#### Exercise instructions
Look below for the line with "Secures the compressor" and the line with "上山 稀沙羅さんを姓名の画数から五運を鑑定". Copy exactly those two lines and every line between, but not the pictures.

====

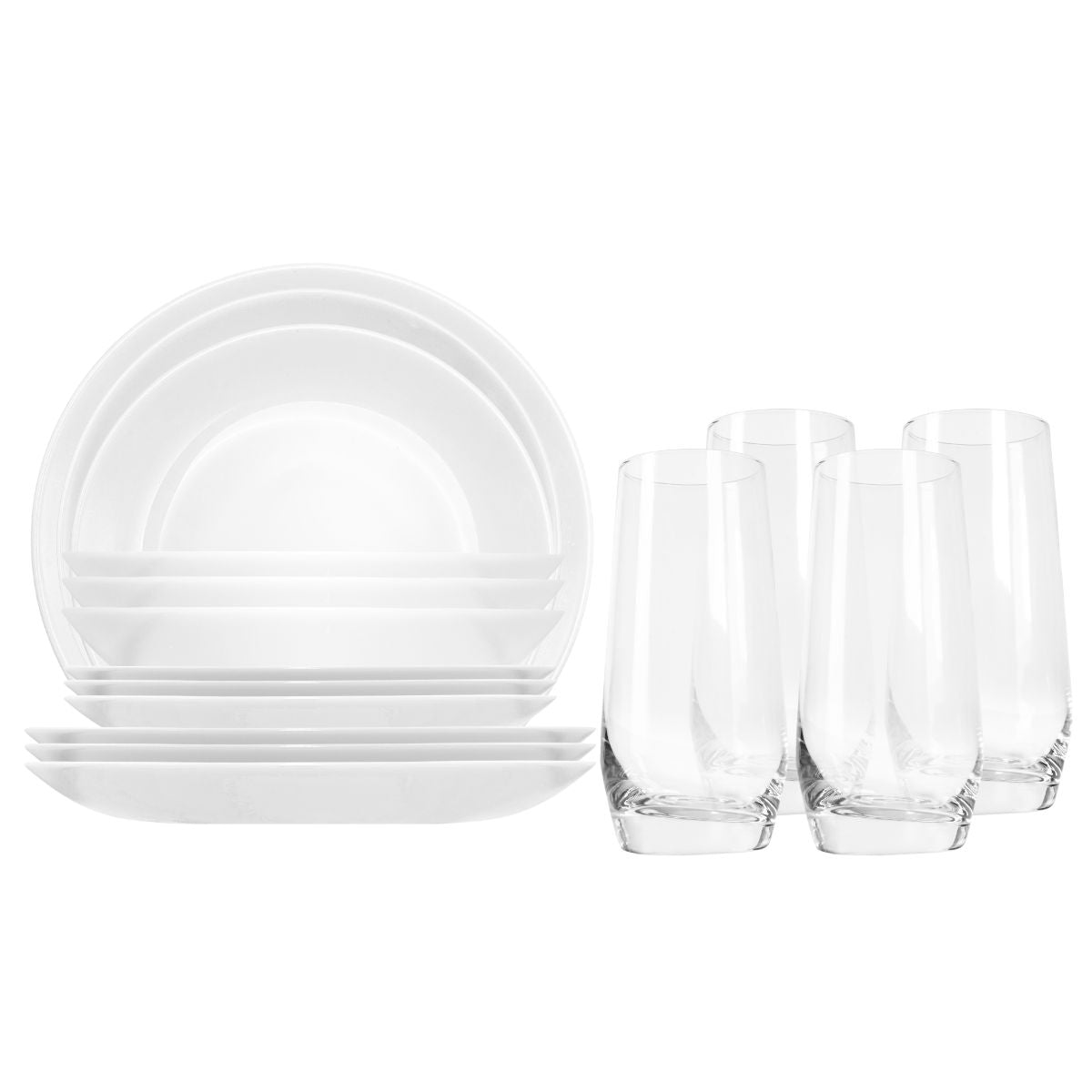 ¡No busques más! Nuestra vajilla de 16 piezas es la combinación perfecta de calidad, resistencia y elegancia. Esta moderna vajilla de opal incluye vasos de vidrio y pertenece a la línea Diwali. ¡Haz de tus comidas momentos inolvidables!
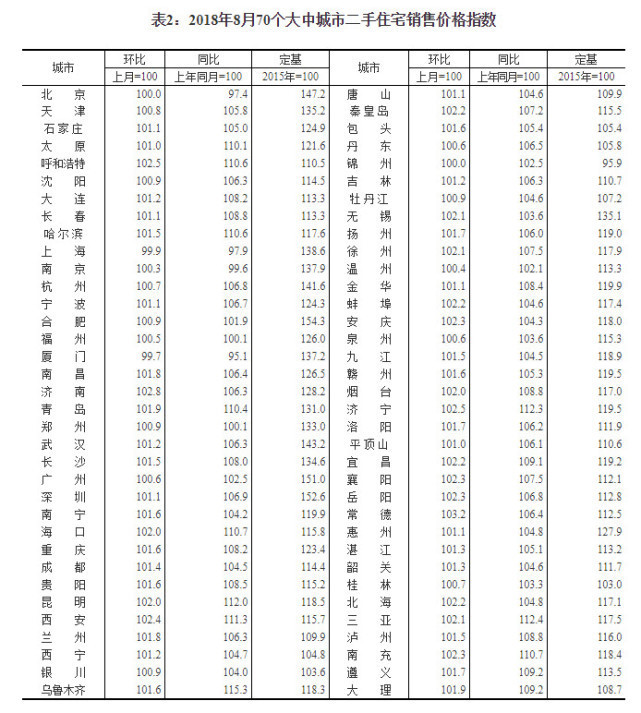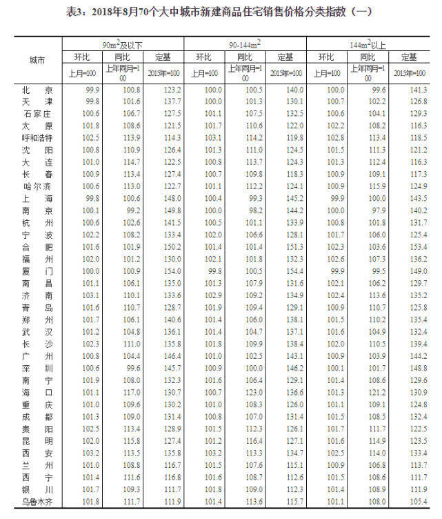 | 国家统计局今日发布了2018年8月份70个大中城市商品住宅销售价格变动情况统计数据。对此,国家统计局城市司高级统计师刘建伟进行了解读。 一、一二线城市商品住宅销售价格变动总体平稳 8月份,各地继续坚持因地制宜、因城施策、综合调控,努力促进房地产市场平稳健康发展。据初步测算,4个一线城市新建商品住宅销售价格环比上涨0.3%,涨幅比上月略微扩大0.1个百分点;同比上涨0.9%,涨幅比去年同月回落4.1个百分点;1-8月平均,同比下降0.1%,而去年同期为上涨14.6%。二手住宅销售价格环比由上月上涨0.2%转为持平;同比上涨1.2%,涨幅比去年同月回落6.4个百分点;1-8月平均,同比上涨0.5%,涨幅比去年同期回落15.9个百分点。 31个二线城市新建商品住宅销售价格环比上涨1.3%,涨幅比上月扩大0.2个百分点;同比上涨8.6%,涨幅比去年同月扩大0.6个百分点;1-8月平均,同比上涨6.2%,涨幅比去年同期回落5.3个百分点。二手住宅销售价格环比上涨1.3%,涨幅比上月扩大0.3个百分点;同比上涨6.5%,涨幅比去年同月回落1.0个百分点;1-8月平均,同比上涨4.9%,涨幅比去年同期回落4.4个百分点。 二、三线城市商品住宅销售价格有所上涨 35个三线城市新建商品住宅销售价格环比上涨2.0%,涨幅比上月扩大0.5个百分点;同比上涨8.3%,涨幅比去年同月回落1.0个百分点;1-8月平均,同比上涨7.0%,涨幅比去年同期回落1.2个百分点。二手住宅销售价格环比上涨1.4%,涨幅比上月扩大0.3个百分点;同比上涨6.4%,涨幅比去年同月回落0.1个百分点;1-8月平均,同比上涨4.9%,涨幅比去年同期回落0.4个百分点。 三、15个热点城市新建商品住宅销售价格有涨有跌 8月份,15个热点城市新建商品住宅销售价格环比下降的城市有1个,比上月减少1个;持平的2个,与上月相同;上涨的12个,增加1个,最高涨幅为3.4%。同比下降的城市有2个,比上月减少2个,最大降幅为1.6%;上涨的13个,增加2个,最高涨幅为10.2%。 重点城市数据概览 北京8月新建商品住宅销售价格指数环比持平(前值+0.2%),同比0.2%(前值+0.2%)。 上海8月新建商品住宅销售价格指数环比0.1%(前值-0.1%),同比-0.2%(前值-0.2%)。 广州8月新建商品住宅销售价格指数环比0.9%(前值+0.6%),同比3.3%(前值+1.6%)。 深圳8月新建商品住宅销售价格指数环比0.5%(前值+0.5%),同比0.3%(前值-0.7%)。 北京8月二手住宅销售价格指数环比持平(前值+0.4%),同比-2.6%(前值-3.5%)。 上海8月二手住宅销售价格指数环比-0.1%(前值-0.1%),同比-2.1%(前值-2.2%)。 广州8月二手住宅销售价格指数环比0.6%(前值+0.3%),同比2.5%(前值+1.9%)。 深圳8月二手住宅销售价格指数环比1.1%(前值+0.6%),同比6.9%(前值+5.6%)。
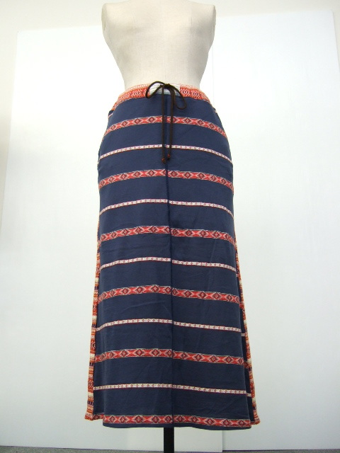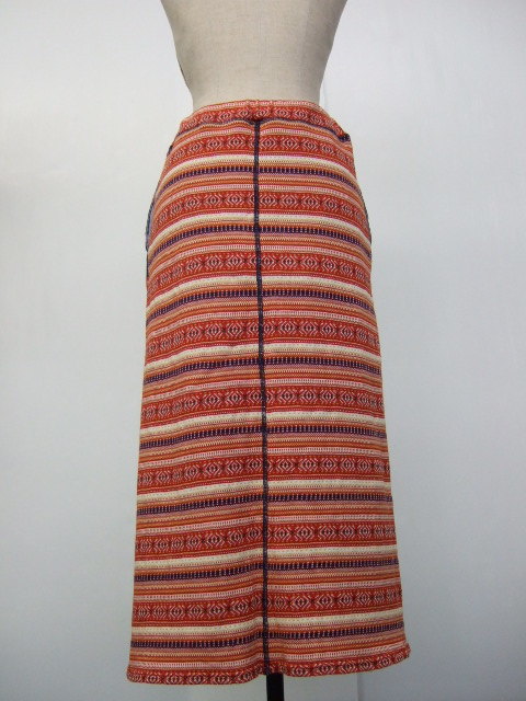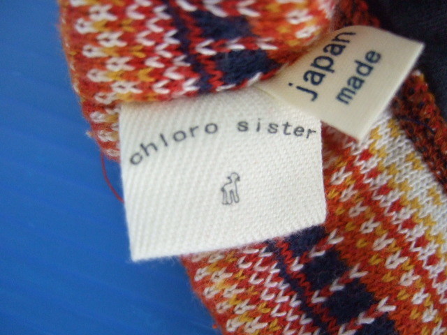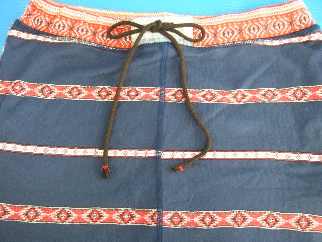 前身頃は青地にチロリアンテープ模様、後身頃は赤地の模様編みと
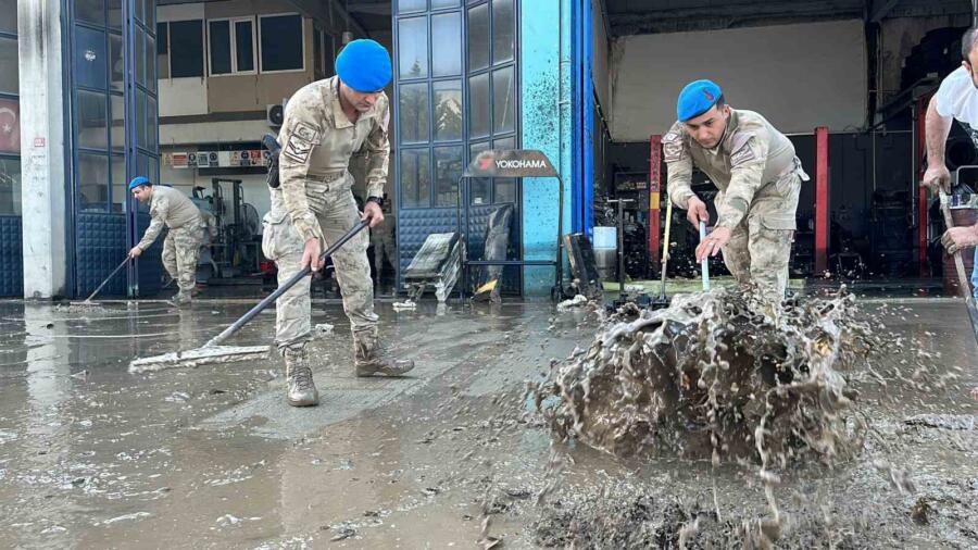 Yoğun yağmur sebebiyle Düzce’de yaşanan sel felaketinin ardından başlatılan çalışmalarda bölgede görevli Mehmetçik de yer aldı. Askerler işletmelerin temizlenmesine yardım etti.
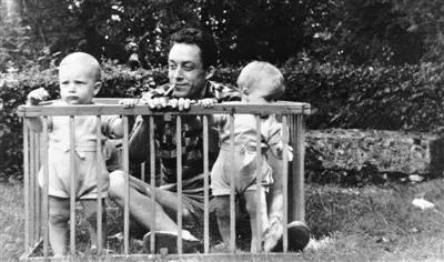 1946年8月,加缪与一对双胞胎儿女在一起。
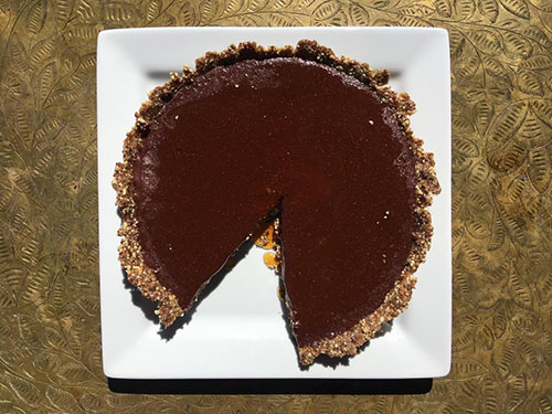 Robust Raw Cacao Pie with Nut and Fruit Crust
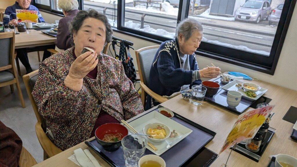 「いっぺ種類あって選べねな」「これもうめそだ〜」とおっしゃり好きなものを召し上がっていらっしゃいました。
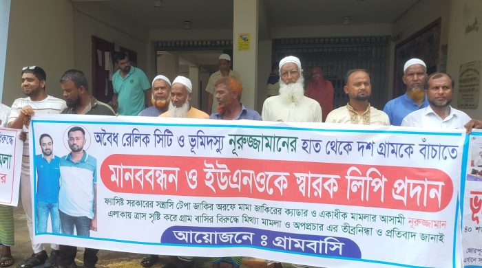 সাভারের বিরুলিয়ায় অবৈধ রেলিক সিটি ও সাভারের শীর্ষ সন্ত্রাসী ভাগ্নে জাকিরের অন্যতম ক্যাডার ভূমিদস্যু নূরুজ্জামানের মিথ্যা মামলা, অপপ্রচার এবং ১০ গ্রামের মানুষ ও তাদের কৃষিজমি রক্ষার দাবিতে মানববন্ধন কর্মসূচী পালন করেছে ভুক্তভোগী এলাকাবাসীরা।
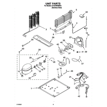 Secures the compressor to the refrigerator frame. Replace if strap is cracked, broken, or missing to properly mount and stabilize the compressor unit.
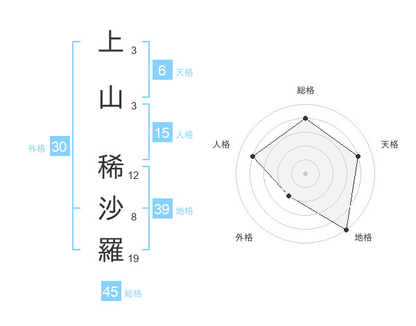 上山 稀沙羅さんを姓名の画数から五運を鑑定
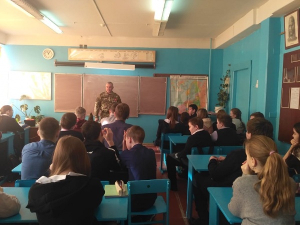 Походный атаман хуторского общества «Покровский» Александр Глухов рассказал ребятам историю казачества и о подвигах казаков. Упомянул атаман и о работе патриотического клуба. В рамках урока мужества была поднята тема подготовки к армии.
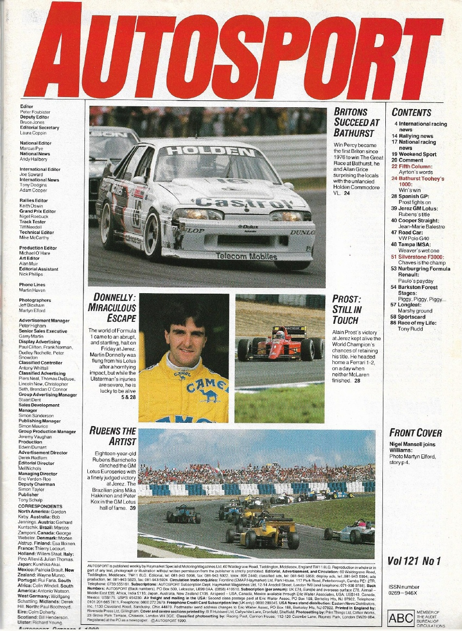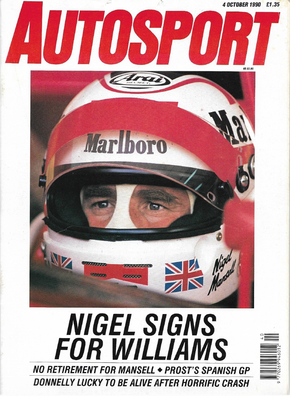 AUTOSPORT 1990 OCT 04 - NIGEL, ALAIN PROST, WIN PERCY, DONNELLY, BARRICHELLO
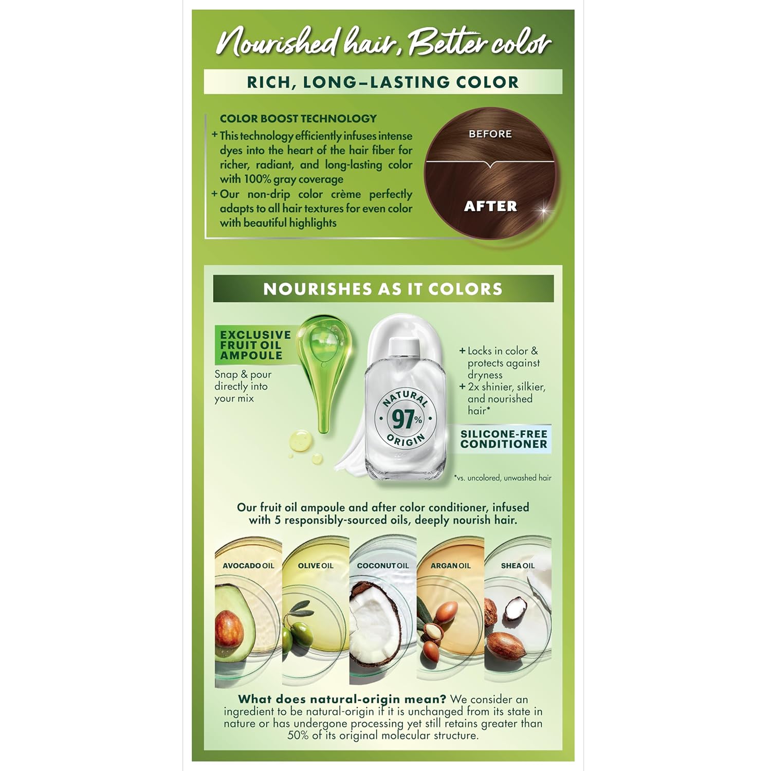 - Hair Dye Kit: The only hair color with a separate fruit oil ampoule that you snap & pour directly into the mix; Follow hair dye with our after color hair conditioner, infused with a blend of 5 fruit oils: avocado, olive, shea, argan & coconut oil
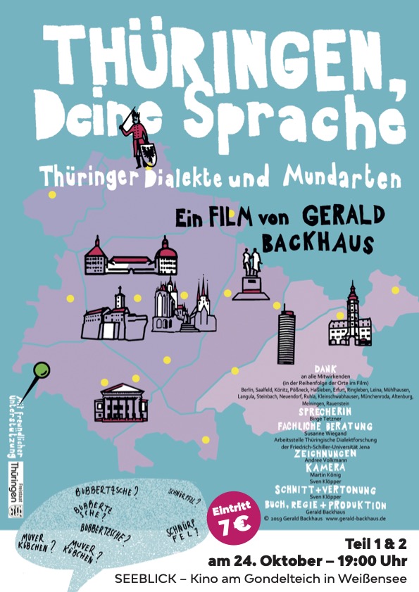 Jena: 21. April 2023 um 19 Uhr im Jugendzentrum Hugo (Winzerla), im Anschluss an den Film ein Podiumsgespräch mit Regisseur und Dialektforscherin Prof. Agnes Jäger, Uni Jena – am 10. Februar 2023 lief dort der erste Film
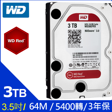 • WD 3TB【紅標Plus】64M/5400轉/三年保(WD30EFRX)
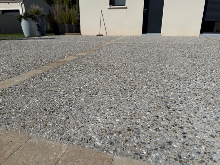 Le client voulait une cour associant esthétique et praticité tout en gardant l’aspect cailloux apparents.

====

#### Solution to this task
 Secures the compressor to the refrigerator frame. Replace if strap is cracked, broken, or missing to properly mount and stabilize the compressor unit.
 上山 稀沙羅さんを姓名の画数から五運を鑑定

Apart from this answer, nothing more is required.